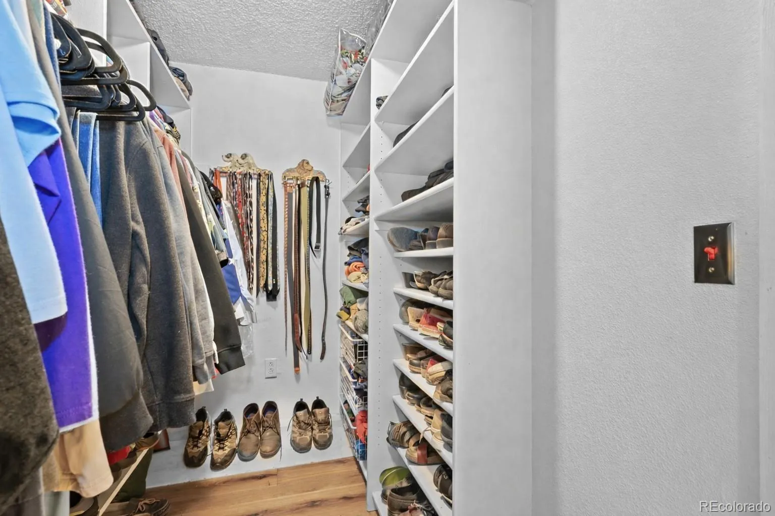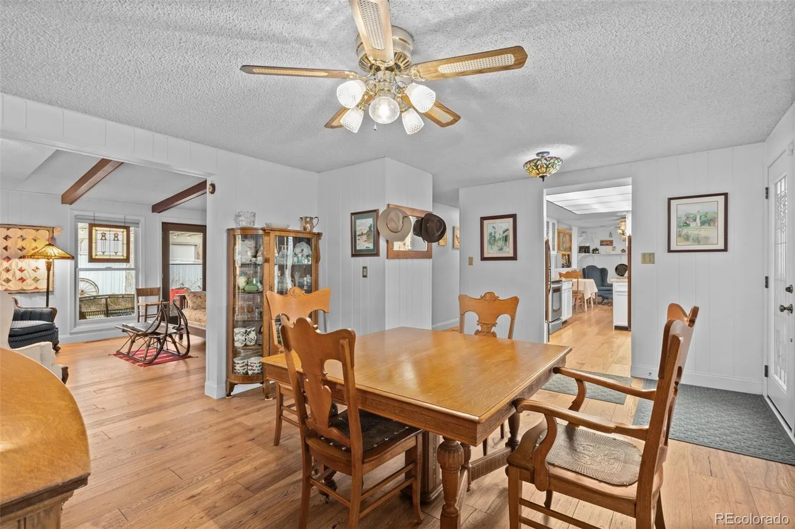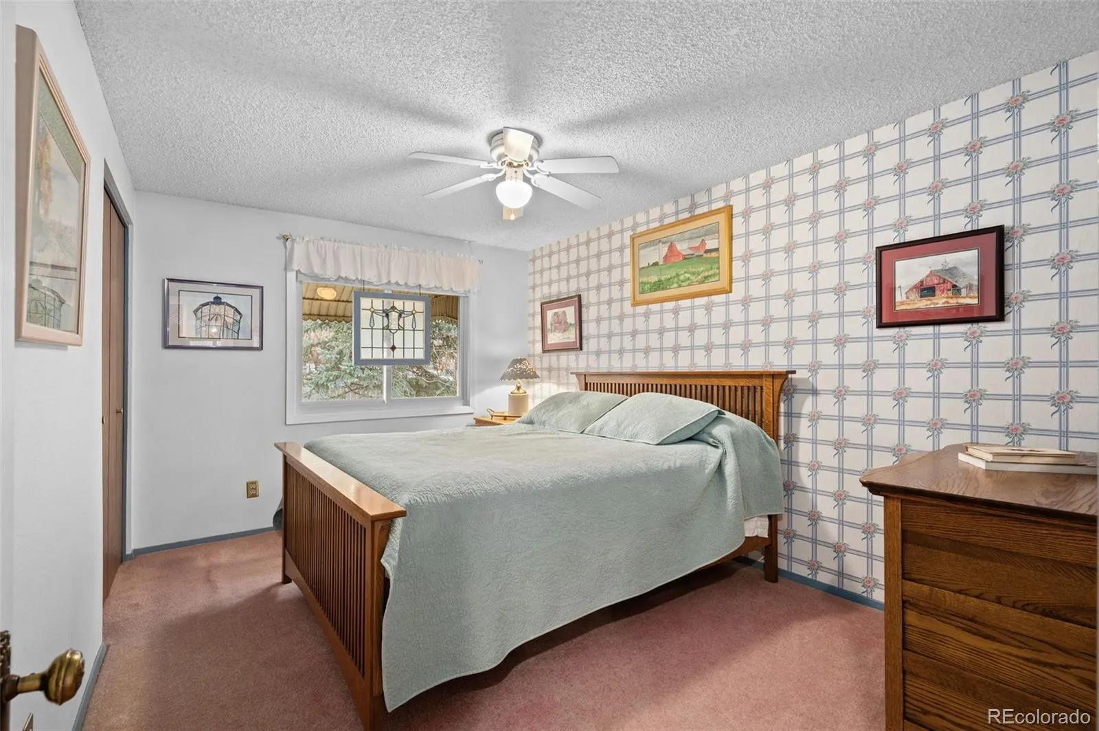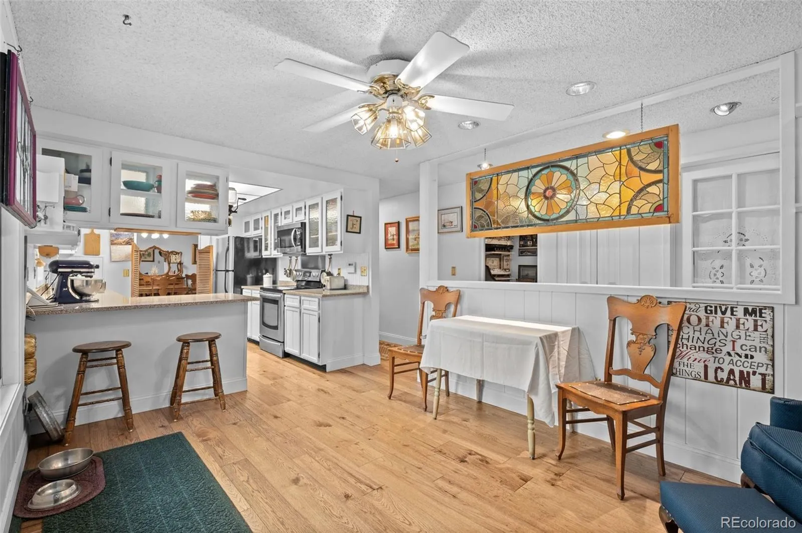Country living in the city on nearly an acre in the heart of Arvada, with sweeping views from your wraparound porch. This light-filled estate offers 4 bedrooms, 3 bathrooms, a detached 2-car garage, and an impressive heated 40×30 gambrel-style workshop featuring expansive garage/shop space plus insulated second-floor space — ideal for additional vehicles, studio use, business operations, or flexible future use. Designed for privacy and versatility, the home is exceptionally well suited for multi-generational living. Windows in every direction flood the interior with natural light, highlighting full-depth Hickory floors and thoughtfully integrated built-ins crafted from repurposed antiques. On the west wing are three bedrooms, including a primary suite with walk-in closet and private en-suite bath, along with a comfortable family room featuring a gas fireplace. The centrally located kitchen anchors the floorplan with quartz countertops and custom cabinetry accented with reclaimed glass from a historic Durango bank, seamlessly connecting the dining room and breakfast nook. A separate living wing offers an additional family room and a private suite complete with vaulted ceilings, recessed lighting, curbless shower, dedicated furnace, separate basement storage space, and its own exterior entrance to a wraparound deck with retractable awning. Recently used for generational living, this space is ideal as guest quarters, ADU-style living area, or secondary primary. The outdoors is equally impressive, with multiple covered porches and composite decks, a flagstone patio, goldfish pond, and beautifully maintained gardens. A ditch share conveys with the property, augmenting irrigation to the nearly one-acre. Thoughtful efficiency upgrades include Renewal by Andersen windows and doors, solar, leaf guard protection, and numerous system improvements over time. A truly unique opportunity to own space, versatility, and character — all within minutes of central Arvada conveniences.
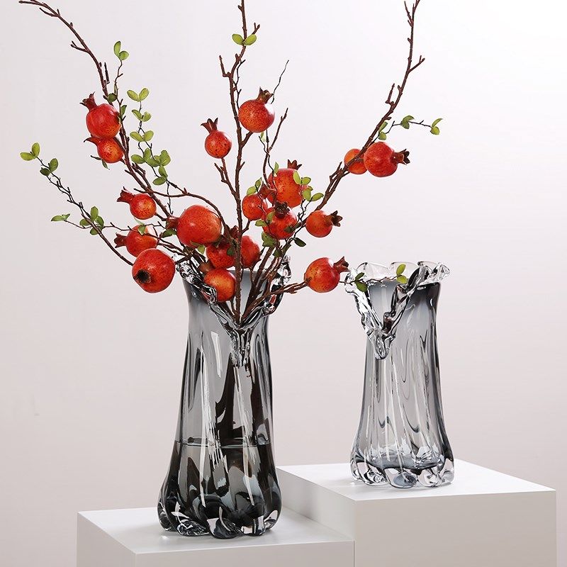 艺术玻璃烟灰色花瓶轻奢摆件客厅茶几电视柜可水S培插花花器装饰
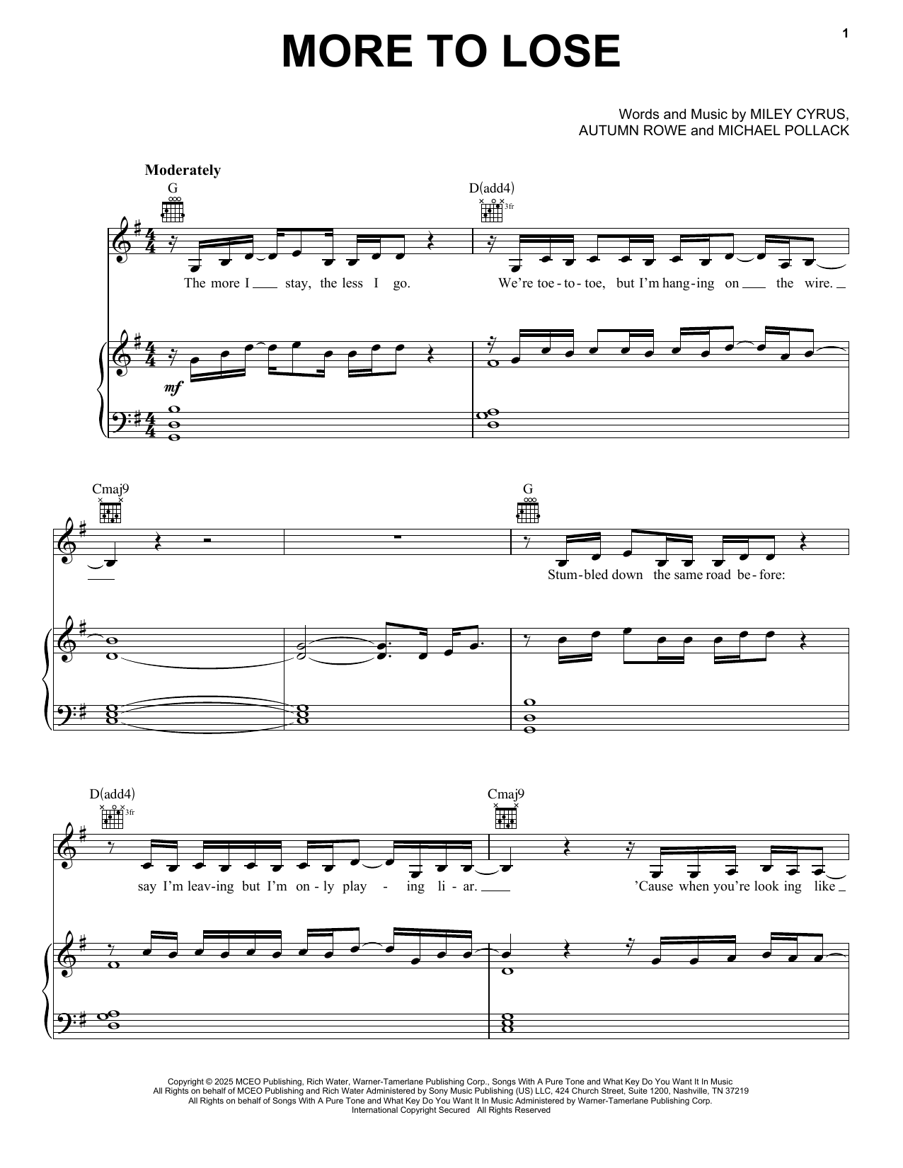 Download or print Miley Cyrus More To Lose sheet music, chords and digital score arranged for Piano, Vocal & Guitar Chords (Right-Hand Melody). This Pop score includes 9 page(s).
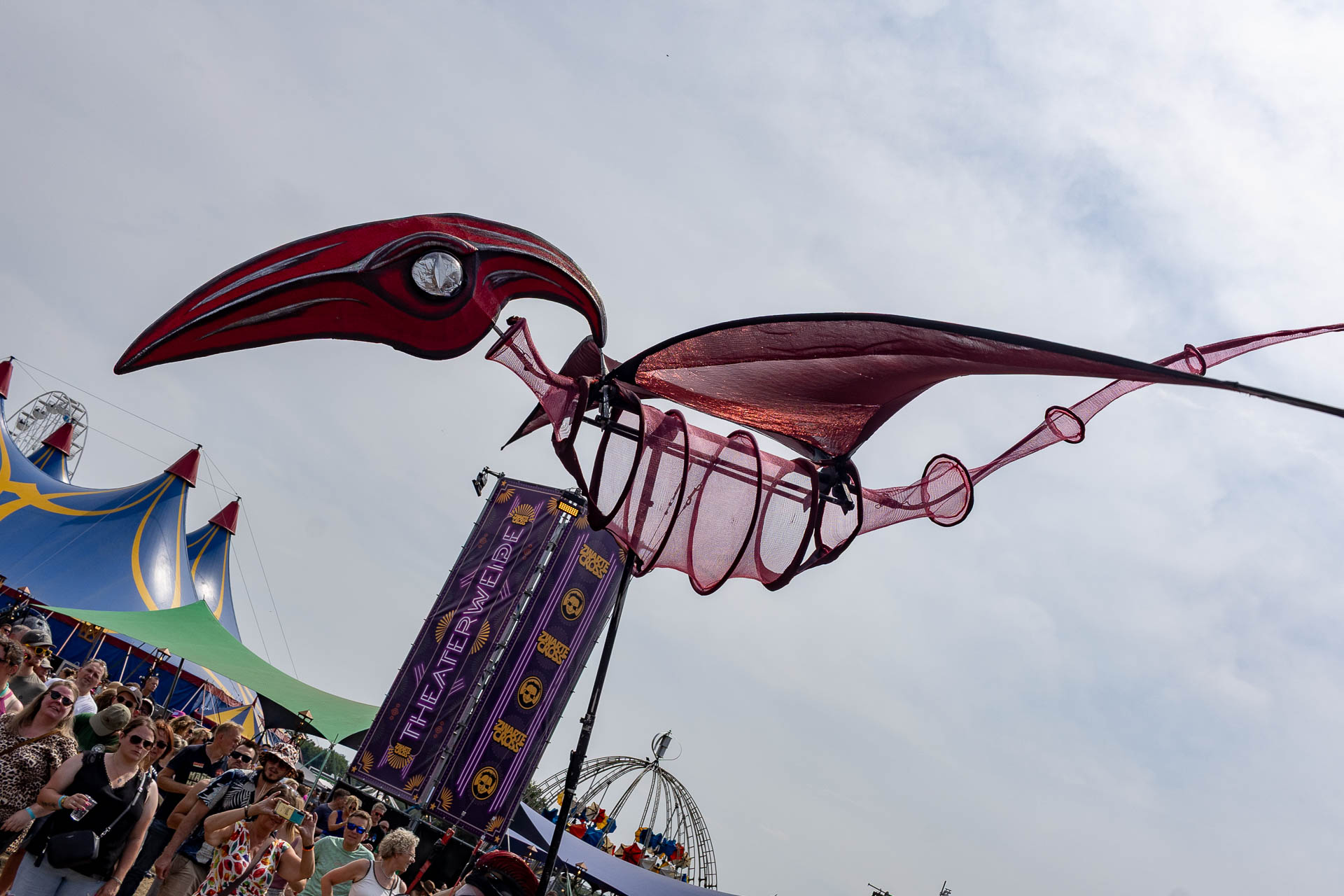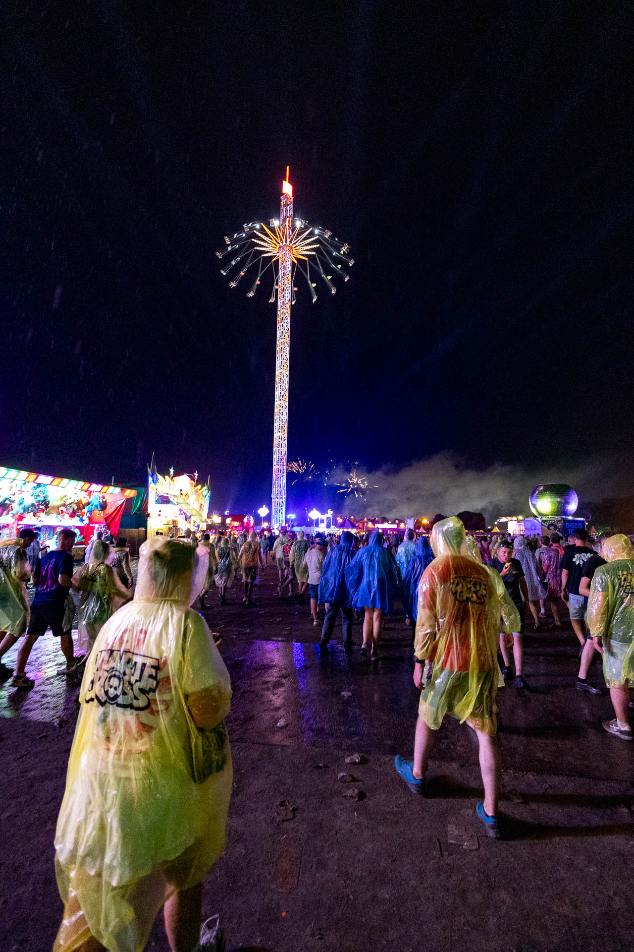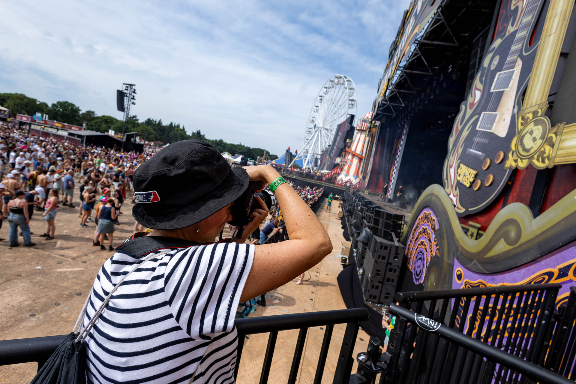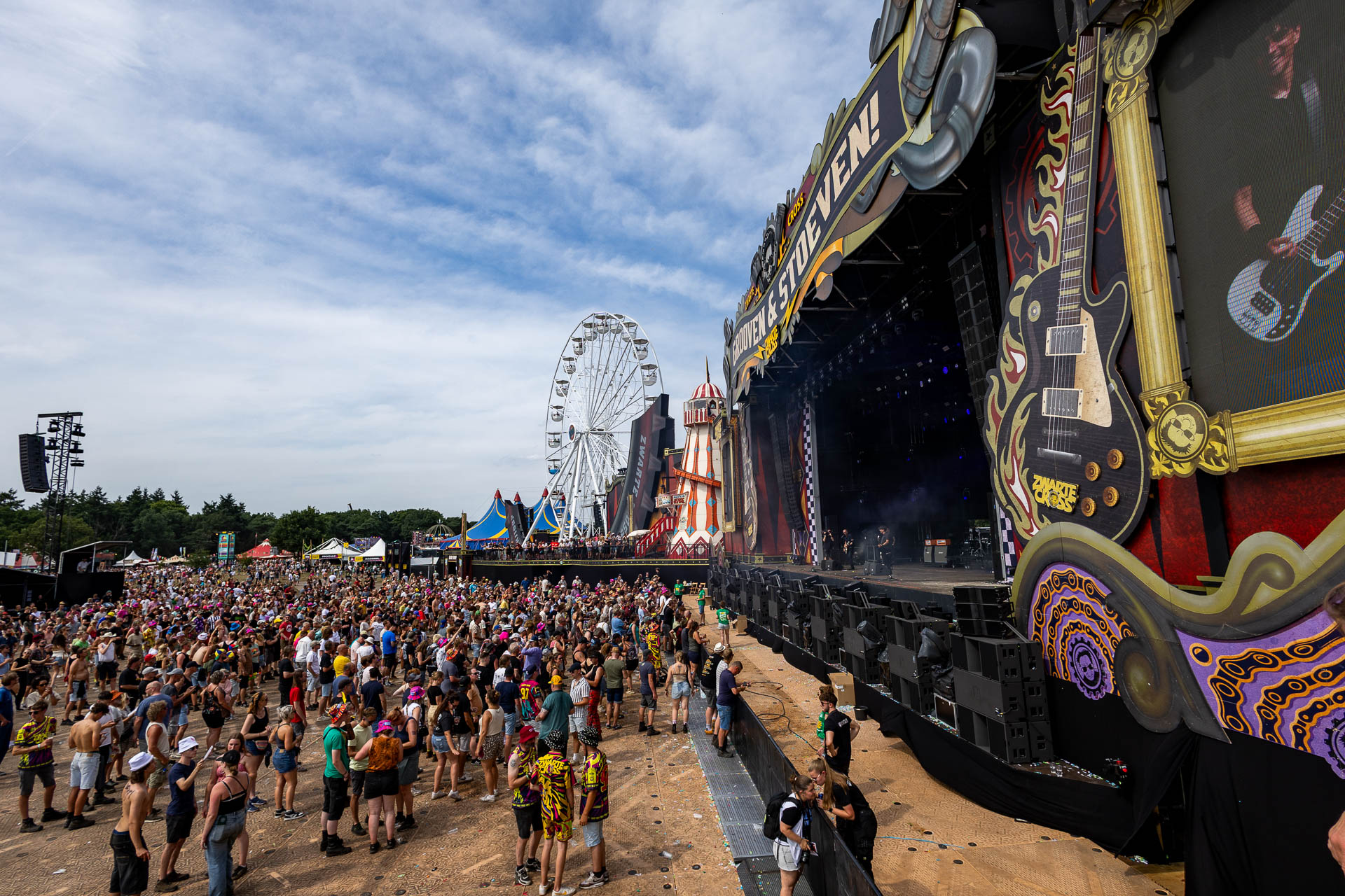 Vorbei an den Fahrgeschäften, die in der untergehenden Sonne eine schöne Silhouette bieten in Richtung Hoofdpodium. Ab und zu wird man noch angesprochen, weil die Besucher gerne auf ein Foto möchten. Leider muss ich dann erst einmal klarstellen, dass ich kein Niederländisch verstehen kann obwohl ich direkt an der Grenze wohne, also wird auf Englisch kommuniziert. Vor der Hauptbühne hat sich auch schon eine ganze Meute Fotografen versammelt. Sehr gut finde ich eine ältere und kleinere Fotografin. Sie war auch schon öfter hier und kennt die riesengroße und vor allem hohe Bühne. Aus dem Fotograben hat man keine Chance das Schlagzeug zu sehen, aus diesem Grund hat eben diese Fotografin einen Klapphocker unter´m Arm. Sehr kreativ.

::::

Produce an exact reproduction of the listing above, limited to the lines starting at the line with "艺术玻璃烟灰色花瓶轻奢摆件客厅茶几电视柜可水S培插花花器装饰" and ending at the line with "Download or print", both kept, with every picture left out.

▶ Response area
 艺术玻璃烟灰色花瓶轻奢摆件客厅茶几电视柜可水S培插花花器装饰
 Download or print Miley Cyrus More To Lose sheet music, chords and digital score arranged for Piano, Vocal & Guitar Chords (Right-Hand Melody). This Pop score includes 9 page(s).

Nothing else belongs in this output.